История на пристани, а также история с судом, и с оскорбительным для Модзалевских решением, особенно удручало Николая Павловича помилование, создали у стариков такое настроение, что теперь им казалось совершенно невозможным какое-либо общение с зятем. Отвечать ему, изъясняться, просить прощение – было ниже их достоинства. Но в то же время они понимали, что всё так долго продолжаться не может. Они переживали, что Саша, идущий на поправку после тяжёлой болезни, будет изъят у них этим человеком, которому нет дела до сына и до его здоровья. Что он не предоставит должный уход ребёнку, и это может вызвать осложнения после болезни.

Их поразило желание Лукомского забрать сына. Ведь у него не было своей жилплощади. «Неужели он собрался жить с маленьким ребёнком в гостинице?» – думали они. И это не давало им покоя в течение всего того времени, что Лукомский приходил в бешенство из-за их молчания, думая, что они, позабыв его, счастливо проводят время.

Несмотря на то, что Лукомский однажды уже заикался о сыне, это теперешнее заявление стало для них полной неожиданностью. Тогда ни Николай Павлович, ни Елизавета Сергеевна не придали значения угрозе зятя. Если Николай Павлович ещё сомневался в своих правах на оставления ребёнка, то Елизавета Сергеевна и думать об этом не желала. Мысль об этом казалось ей нелепой и невозможной.

Но теперь было другое дело.

– Неужели это возможно? – спрашивала она у мужа, нервно сжимая в руке письмо Лукомского.

– Не знаю… – растерянно отвечал Модзалевский. – Точно сказать не могу… Ведь он, всё-таки, его отец. Этого не отнять…

– Ну и что с того, что он отец? – волновалась Елизавета Сергеевна. – А мы кто? Разве мы чужие Сашеньке? Мы родители его матери и это наш внук!
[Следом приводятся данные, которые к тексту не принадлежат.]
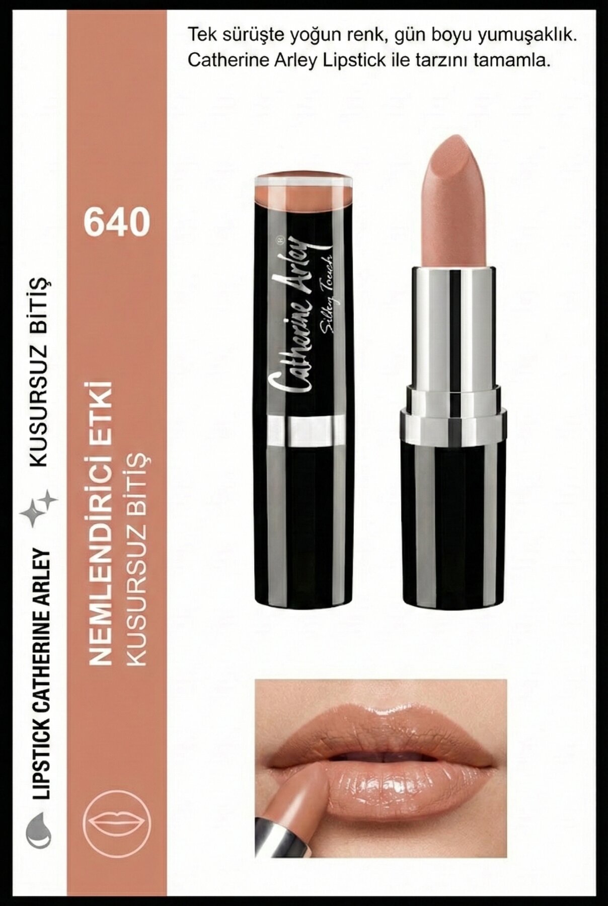 Dudaklarınıza mükemmel ve fark edilir bir ifade katan bu nemlendirici etkili stick ruj, pürüzsüz yapısıyla makyajınıza uzun süre kalıcı ve kusursuz bir boyut kazandırır. 640 numaralı bu doğal bej ve soft nude alt tonlu zarif renk, dudak yüzeyinde mükemmel bir şekilde eşit dağılım sağlayarak uzun saatler boyunca ilk sürüldüğü anki canlı görünümünü korur. Geliştirilmiş zengin formülü sayesinde dudaklarınızı neme doyurup daha bakımlı görünmesini sağlarken; ipeksi dokunuş sunan yapısı, şık siyah gövdesi, gümüş detayları ve içindeki rengi yansıtan pratik kapak tasarımıyla makyaj çantanıza modern bir zarafet katar.

Модзалевский пожал плечами.

– Да это же совершенно невозможно! – продолжала Модзалевская. – Отрывать ребёнка от любящих людей, из прекрасной обстановки, да ещё в таком возрасте – это чистое безумие, это преступление! Зачем ему Саша? Что он ему даст? У него же ничего нет! Потащит его с собой за границу? Восьмимесячного ребёнка? Куда он его денет?

– Может быть, всё ещё наладится… – глухо промолвил Николай Павлович. – Может, он успокоится и передумает. В самом деле куда он его денет, когда уедет в командировку? Оставит нам, а потом будет приезжать, наблюдать за воспитанием.
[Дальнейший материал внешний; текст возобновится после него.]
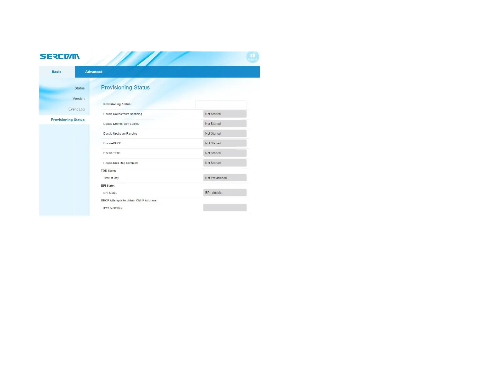 Login: technician / Password: sercommdocsis

– Я не отдам Сашу! – сердито и решительно заявила Елизавета Сергеевна. – Не отдам и точка! Он требует его просто из мести! Просто желает сделать нам зло. Нет, не может такого произойти, чтобы ему позволили так нарушать все божеские законы. Я не могу отдать мальчика на верную смерть…

Для Модзалевских наступили кошмарные дни.
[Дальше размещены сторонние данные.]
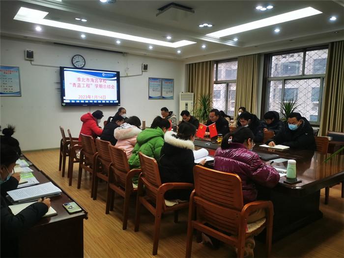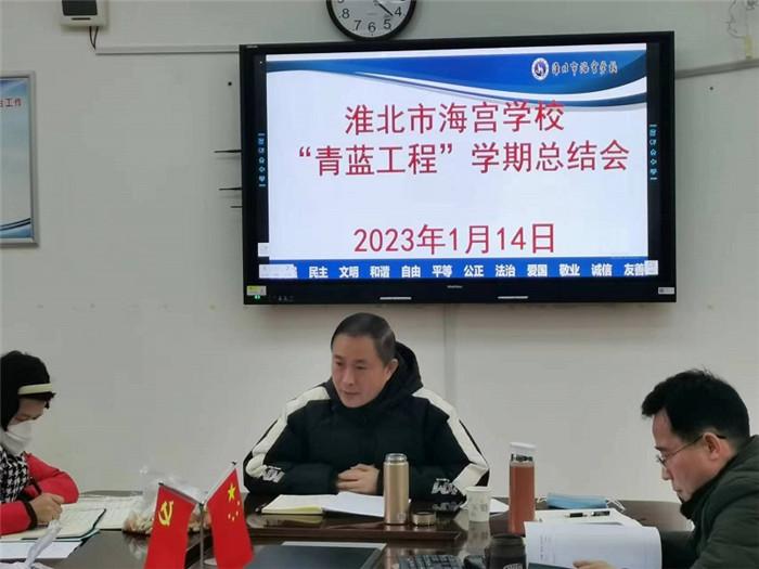 2023年1月14日上午,海宫学校“青蓝工程”学期总结会在综合楼四楼会议室召开,该校党总支书记、校长刘恩平和副校长王磊、朱孝喜、朱功转及结对子青年教师出席活动,会议由该校教科室主任张鹏主持。

Елизавета Сергеевна теперь жила в постоянном страхе. Каждый раз как только раздавался звонок, слышалось дребезжание пролётки под окном, или стучали чьи-нибудь громкие шаги по тротуару, она бледнела, вздрагивала, и бросалась в детскую. Ей казалось, что вот-вот явится Лукомский вместе с полицией, судьями и заберёт Сашеньку. Она была убеждена, что нет такого закона, который допускал бы, чтобы нелюбящий отец отнял ребёнка у любящих его дедушки и бабушки, но разве законы не нарушаются сплошь и рядом по произволу властей, по легкомыслию судей, и по адвокатской хитрости?

По ночам она не могла спать и целыми бессонными часами сидела над детской кроваткой. Саша был необычайно мил, с каждым днём заметно развивался и всё больше становился похож на покойную Елену. У этого маленького человека уже образовывались свои собственные, личные, привычки, особенности, манеры. Он уже любил рассматривать картинки и одним улыбался и «разговаривал» с ними, а другие трепал, ворча на них. Просыпаясь, он сначала приоткрывал только один глаз и долго глядел им, старательно жмуря другой. Это была привычка Елены, когда та была ребёнком. Он любил перебирать чужие волосы и, отделив прядь, осторожно накручивал их на палец. И это тоже была её привычка. Он смеялся как она, плакал как она, сердился как она. Он был маленькой точной копией Елены. И в каждом его, ещё не ловком, движении, Елизавет Сергеевна видела Елену, ту самую, которая давно уже стала взрослой женщиной и уже навсегда покинула её.

Елизавета Сергеевна, находясь у детской кроватки внука, переносилась в далёкие счастливые годы, когда она возилась с маленькой дочерью. Милое прошлое возникало в каждой мелочи детского обихода и в каждой детской черте внука. Елизавет Сергеевна бессознательно чувствовала, что вслед за пережитым страшным горем наступает эпоха новых надежд, нового расцвета и новых радостей. Покойная, навеки ушедшая дочь, казалось, воскресала, приняв новый облик. Прошлая жизнь как бы начиналась сначала. И это было великим утешением и исцелением для неё.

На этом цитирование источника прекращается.